■ EXTRACTED DATA
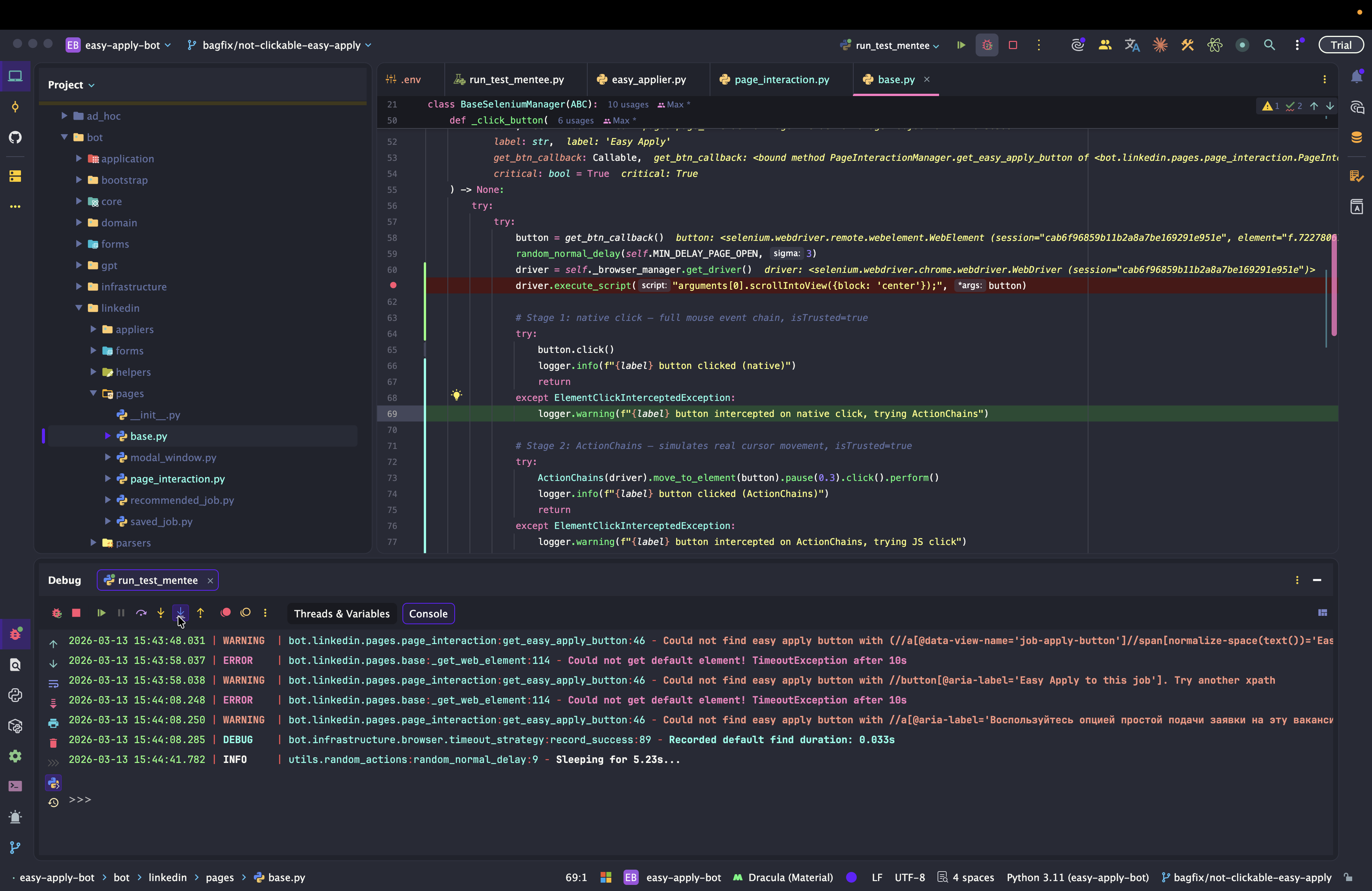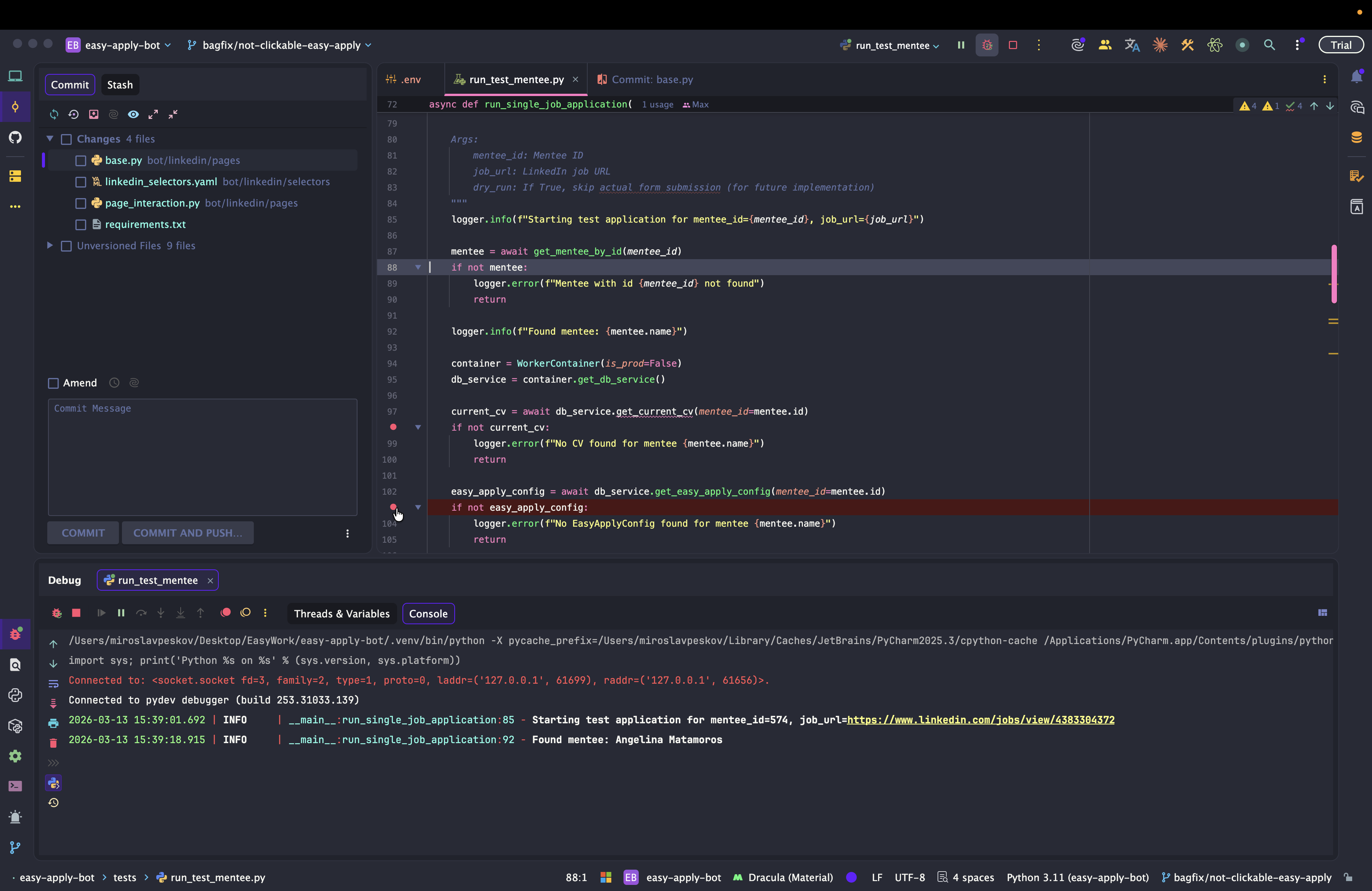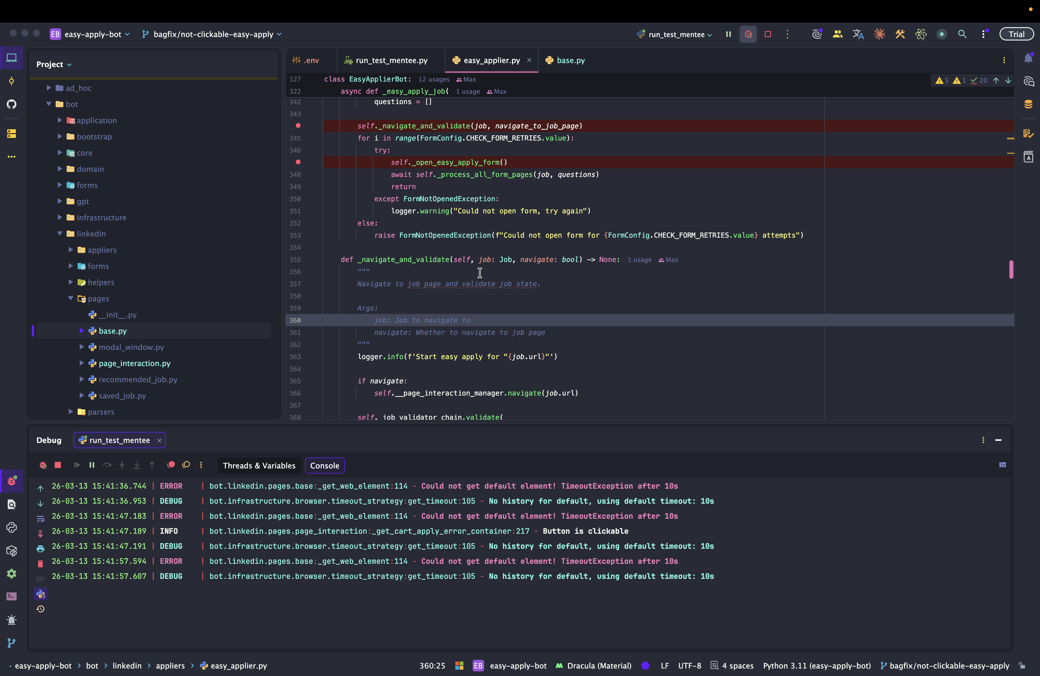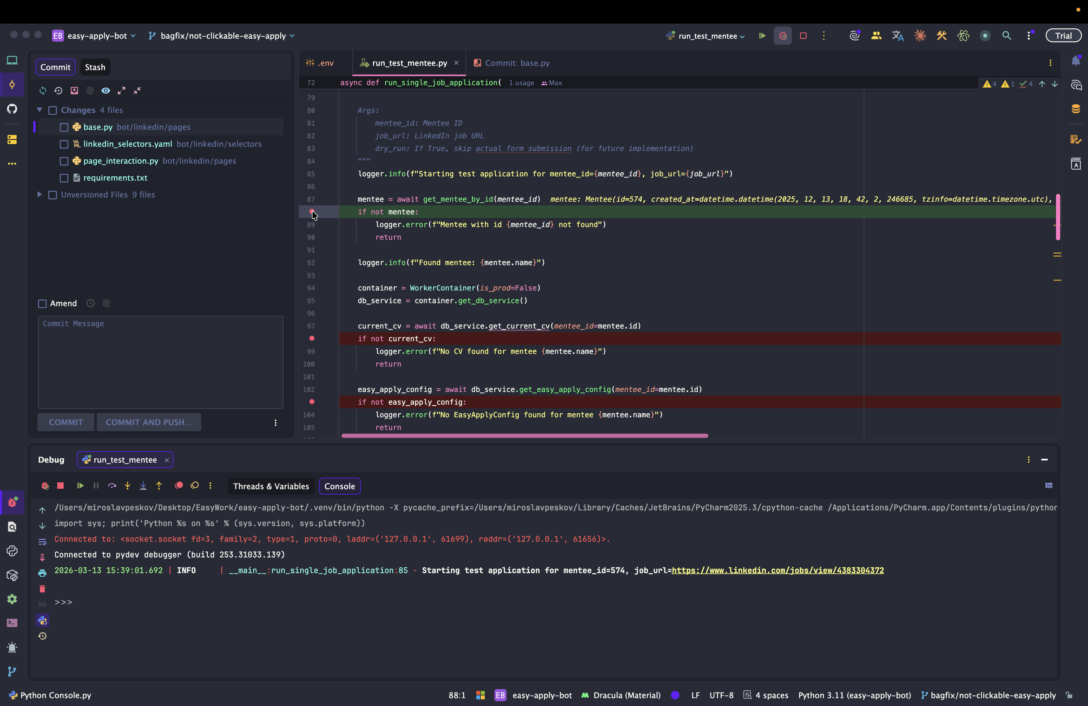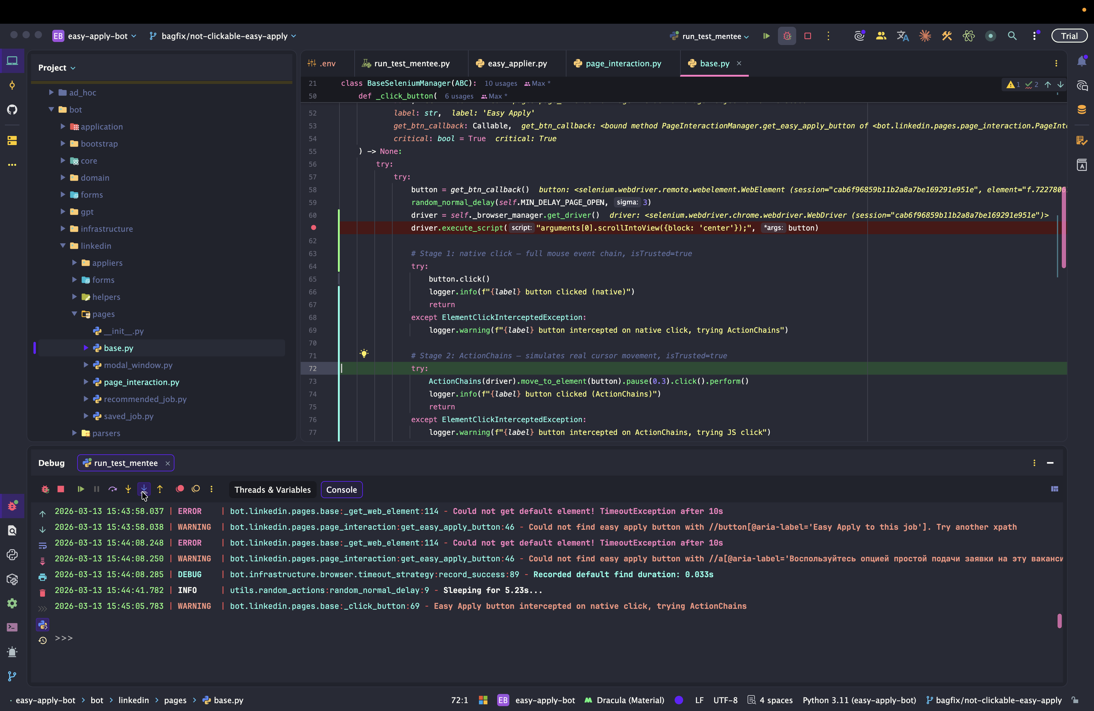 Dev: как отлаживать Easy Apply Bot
==
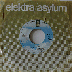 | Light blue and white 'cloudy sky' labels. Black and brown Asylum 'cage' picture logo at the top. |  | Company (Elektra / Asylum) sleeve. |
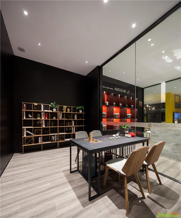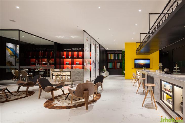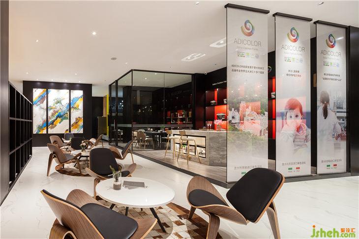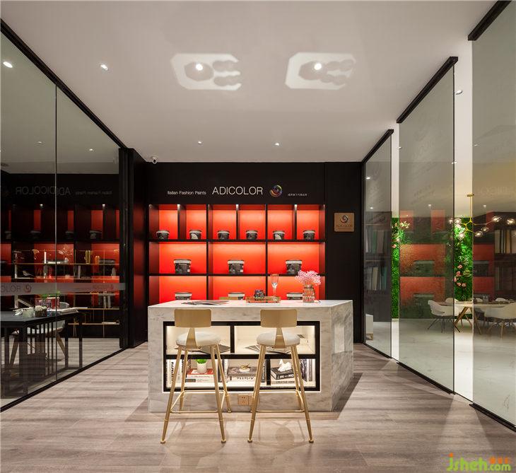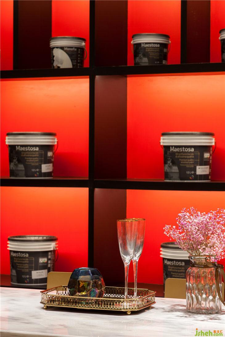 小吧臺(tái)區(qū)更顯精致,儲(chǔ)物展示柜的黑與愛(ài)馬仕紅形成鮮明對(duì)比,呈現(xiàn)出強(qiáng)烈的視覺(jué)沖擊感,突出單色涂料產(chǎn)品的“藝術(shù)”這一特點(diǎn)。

■ WHAT THE TASK ASKS
Within the material above, only the stretch from the line holding "Asylum) sleeve. |" through the line holding "小吧臺(tái)區(qū)更" is to be restated exactly. Pictures are dropped.

■ OUTPUT BELOW
 | Light blue and white 'cloudy sky' labels. Black and brown Asylum 'cage' picture logo at the top. |  | Company (Elektra / Asylum) sleeve. |
 小吧臺(tái)區(qū)更顯精致,儲(chǔ)物展示柜的黑與愛(ài)馬仕紅形成鮮明對(duì)比,呈現(xiàn)出強(qiáng)烈的視覺(jué)沖擊感,突出單色涂料產(chǎn)品的“藝術(shù)”這一特點(diǎn)。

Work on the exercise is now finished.